Work instruction :: In the records below, pick out all lines containing the word "mereu".

Data records ::
-=-=-
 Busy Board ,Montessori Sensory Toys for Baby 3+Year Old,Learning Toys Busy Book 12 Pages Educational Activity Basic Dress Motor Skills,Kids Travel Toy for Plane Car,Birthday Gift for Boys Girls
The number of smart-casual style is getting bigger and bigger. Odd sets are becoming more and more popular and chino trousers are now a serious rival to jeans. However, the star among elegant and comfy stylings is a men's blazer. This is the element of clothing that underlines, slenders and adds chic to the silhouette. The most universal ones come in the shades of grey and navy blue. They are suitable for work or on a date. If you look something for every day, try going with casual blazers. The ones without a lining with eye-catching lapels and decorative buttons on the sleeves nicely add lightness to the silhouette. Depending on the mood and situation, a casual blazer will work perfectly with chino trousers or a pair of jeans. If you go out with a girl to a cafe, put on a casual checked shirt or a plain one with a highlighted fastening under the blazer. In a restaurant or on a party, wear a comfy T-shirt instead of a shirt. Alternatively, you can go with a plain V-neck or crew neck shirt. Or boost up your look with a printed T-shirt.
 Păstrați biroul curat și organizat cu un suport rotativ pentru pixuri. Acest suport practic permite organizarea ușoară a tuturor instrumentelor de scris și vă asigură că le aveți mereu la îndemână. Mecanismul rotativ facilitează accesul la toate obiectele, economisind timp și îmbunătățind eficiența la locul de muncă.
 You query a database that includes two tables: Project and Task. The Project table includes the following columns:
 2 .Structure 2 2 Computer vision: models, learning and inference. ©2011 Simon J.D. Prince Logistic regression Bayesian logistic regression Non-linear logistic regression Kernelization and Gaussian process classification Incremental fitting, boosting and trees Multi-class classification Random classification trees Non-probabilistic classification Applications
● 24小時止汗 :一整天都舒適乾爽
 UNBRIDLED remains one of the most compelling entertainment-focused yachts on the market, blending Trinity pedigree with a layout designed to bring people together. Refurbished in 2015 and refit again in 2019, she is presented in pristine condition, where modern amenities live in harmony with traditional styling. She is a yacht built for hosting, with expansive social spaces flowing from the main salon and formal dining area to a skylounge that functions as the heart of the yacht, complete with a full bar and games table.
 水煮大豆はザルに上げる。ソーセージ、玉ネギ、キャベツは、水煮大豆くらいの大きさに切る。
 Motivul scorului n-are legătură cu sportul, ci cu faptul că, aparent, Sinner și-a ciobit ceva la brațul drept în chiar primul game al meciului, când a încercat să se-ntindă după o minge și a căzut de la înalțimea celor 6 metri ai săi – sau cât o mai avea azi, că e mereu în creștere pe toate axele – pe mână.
-=-=-
Answer for the task ::
 Păstrați biroul curat și organizat cu un suport rotativ pentru pixuri. Acest suport practic permite organizarea ușoară a tuturor instrumentelor de scris și vă asigură că le aveți mereu la îndemână. Mecanismul rotativ facilitează accesul la toate obiectele, economisind timp și îmbunătățind eficiența la locul de muncă.
 Motivul scorului n-are legătură cu sportul, ci cu faptul că, aparent, Sinner și-a ciobit ceva la brațul drept în chiar primul game al meciului, când a încercat să se-ntindă după o minge și a căzut de la înalțimea celor 6 metri ai săi – sau cât o mai avea azi, că e mereu în creștere pe toate axele – pe mână.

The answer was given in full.